Pioglitazone ameliorates insulin resistance and diabetes by both adiponectin-dependent and -independent pathways.

Thiazolidinediones have been shown to up-regulate adiponectin expression in white adipose tissue and plasma adiponectin levels, and these up-regulations have been proposed to be a major mechanism of the thiazolidinedione-induced amelioration of insulin resistance linked to obesity. To test this hypothesis, we generated adiponectin knock-out (adipo-/-) ob/ob mice with a C57B/6 background. After 14 days of 10 mg/kg pioglitazone, the insulin resistance and diabetes of ob/ob mice were significantly improved in association with significant up-regulation of serum adiponectin levels. Amelioration of insulin resistance in ob/ob mice was attributed to decreased glucose production and increased AMP-activated protein kinase in the liver but not to increased glucose uptake in skeletal muscle. In contrast, insulin resistance and diabetes were not improved in adipo-/-ob/ob mice. After 14 days of 30 mg/kg pioglitazone, insulin resistance and diabetes of ob/ob mice were again significantly ameliorated, which was attributed not only to decreased glucose production in the liver but also to increased glucose uptake in skeletal muscle. Interestingly, adipo-/-ob/ob mice also displayed significant amelioration of insulin resistance and diabetes, which was attributed to increased glucose uptake in skeletal muscle but not to decreased glucose production in the liver. The serum-free fatty acid and triglyceride levels as well as adipocyte sizes in ob/ob and adipo-/-ob/ob mice were unchanged after 10 mg/kg pioglitazone but were significantly reduced to a similar degree after 30 mg/kg pioglitazone. Moreover, the expressions of TNFalpha and resistin in adipose tissues of ob/ob and adipo-/-ob/ob mice were unchanged after 10 mg/kg pioglitazone but were decreased after 30 mg/kg pioglitazone.

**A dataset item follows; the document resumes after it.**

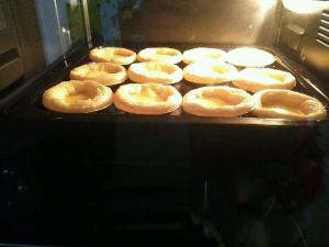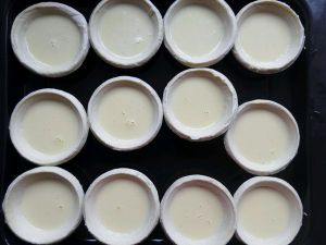将蛋挞胚放入烤盘,我的烤盘一次只能放入6枚蛋挞胚。

Thus, pioglitazone-induced amelioration of insulin resistance and diabetes may occur adiponectin dependently in the liver and adiponectin independently in skeletal muscle.

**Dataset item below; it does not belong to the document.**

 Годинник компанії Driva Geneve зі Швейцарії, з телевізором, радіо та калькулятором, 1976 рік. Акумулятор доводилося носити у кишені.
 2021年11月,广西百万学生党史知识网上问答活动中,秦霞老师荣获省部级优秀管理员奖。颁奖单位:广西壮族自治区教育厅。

Disruption of adiponectin causes insulin resistance and neointimal formation.

The adipocyte-derived hormone adiponectin has been proposed to play important roles in the regulation of energy homeostasis and insulin sensitivity, and it has been reported to exhibit putative antiatherogenic properties in vitro. In this study we generated adiponectin-deficient mice to directly investigate whether adiponectin has a physiological protective role against diabetes and atherosclerosis in vivo. Heterozygous adiponectin-deficient (adipo(+/-)) mice showed mild insulin resistance, while homozygous adiponectin-deficient (adipo(-/-)) mice showed moderate insulin resistance with glucose intolerance despite body weight gain similar to that of wild-type mice. Moreover, adipo(-/-) mice showed 2-fold more neointimal formation in response to external vascular cuff injury than wild-type mice (p = 0.01). This study provides the first direct evidence that adiponectin plays a protective role against insulin resistance and atherosclerosis in vivo.